The object of the bill is to obtain compensation for improvements, which the plaintiff alleges that he made upon a certain parcel of land, which the defendant had agreed by parol to convey to him. A prayer for specific performance is, indeed, contained in the bill, but the plaintiff, anticipating that such relief could not be had, relies altogether upon the secondary equity for which he sets up a claim. Were the contract which he states admitted by the defendant, but repudiated because of its being by parol, his claim for compensation on account of the value which he added to the land by his improvements, would be clear, as has been long since settled by the leading case of Albea v.Griffin, 22 N.C. 9. But the answer denies the contract as set out in the bill, and alleges one which he avers he was willing to have executed, had he not been prevented from doing so by the misconduct of the plaintiff himself.
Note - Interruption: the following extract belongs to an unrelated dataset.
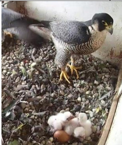
25/4, slechtvalk met jongen, TU Delft, Henk Drevijn

Afwisseling van de wacht bij slechtvalk in onze kast bij de TUD Bouwkunde Vrouwetje slechtvalk wisselt mannetje af. Drie van de vier eieren zijn al uit. Zie de foto van de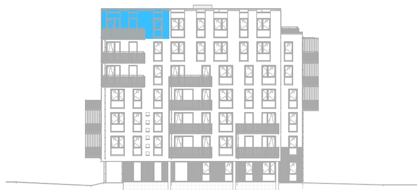
Voorgevel West schaal: 1 : 500

Under these circumstances Dunn v. Moore, 38 N.C. 364, is a direct authority against the claim of the plaintiff to any relief at all. In that case it was decided that part performance, as by paying part of the purchase money, and entering into possession and making improvements, will not take the case out of the statute; but when there is such part performance, if the defendant admit the contract as stated by the plaintiff, and also the part performance, but relies on the statute of frauds, the Court will order an account and decree a compensation to the plaintiff for his payments, and for the value which his expenditures have added to the land; but if the contract be denied, the (198) Court can not grant any relief, because it can not go into proof of a contract variant from that which is stated in the answer. The principle thus stated we approve, and it is decisive of the present case against the plaintiff.
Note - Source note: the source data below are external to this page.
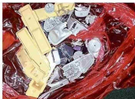
SE HALLARON "ALARMAS" YA DESPRENDIDAS DE LA PRENDAS.

En el propiedad contabilizaron 1.412 prendas de vestir de niños y adultos, algunas de las cuales aún mantenían puesto el dispositivo de seguridad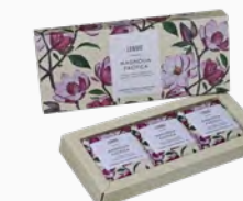
Kit Sabonete em Barra Magnólia Pacífica - 3 x 80g Ref.: 102026380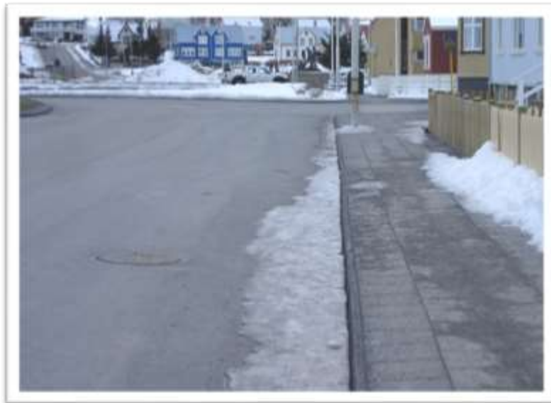
Hafnarstræti séð til norðurs frá Mánagötu að Hrannargötu.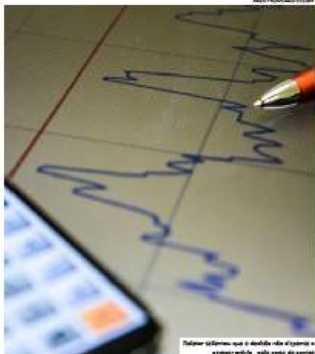
Deputados podem aprovar contas do governo sem parecer do TCE

A decisão foi dada em um julgamento do Plenário do STF em 15 de maio de 2023. O voto vencedor foi do ministro Ricardo Lewandowski, que afirmou que a aprovação das contas do governo é uma função essencialmente legislativa e não depende do parecer do TCE.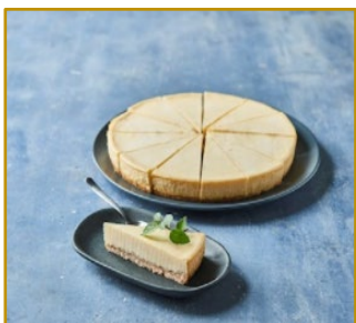
Cheesecake New York Style, udkåret 12 stk. Varenr. 300262 1 stk. pr. kolli/1400 g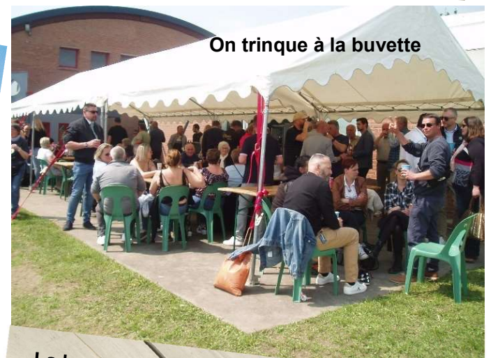
On trinque à la buvette

Our attention has been called to the cases of Thomas v. Kyles,53 N.C. 302, and Love v. Neilson, Ibid., 339, decided at the Morganton Term, 1854, which are supposed to be in opposition to the principle *159 extracted from Dunn v. Moore. The first would seem to be so, but the part of the case which relates to the present question was comparatively an unimportant one in the cause, and was manifestly not much considered, either by the counsel or the Court. Besides, it does not appear from the report that the alleged contract of purchase for the five acres of land was denied in the answer, it being only stated that "it was not admitted," which, as the main dispute was upon another point, may have meant that the answer had not noticed the allegation of the contract. However this may be, we can not give the case the effect of overruling, or essentially modifying, that of Dunn v. Moore. The other case of Love v. Neilson came before the Court upon the plea of the statute of frauds in bar of the plaintiff's claim for the specific performance of a parol contract for the purchase of one-half of a mill. The plea was sustained, but the Court said that the plaintiff might have relief for his expenditures in improving the mill-site of the defendant, and to that end remanded the cause to the Court below in order that the defendant might there file his answer. As it could not be known whether the answer would admit or deny the contract set forth by the plaintiff, it was manifest that the decision of the Court is not necessarily opposed to the principle adjudicated in Dunn v. Moore, supra.

PER CURIAM. Bill dismissed with costs.

Cited: Bonham v. Craig, 80 N.C. 231; McCracken v. McCracken, 88 N.C. 275,285; Luton v. Badham, 127 N.C. 98, 106.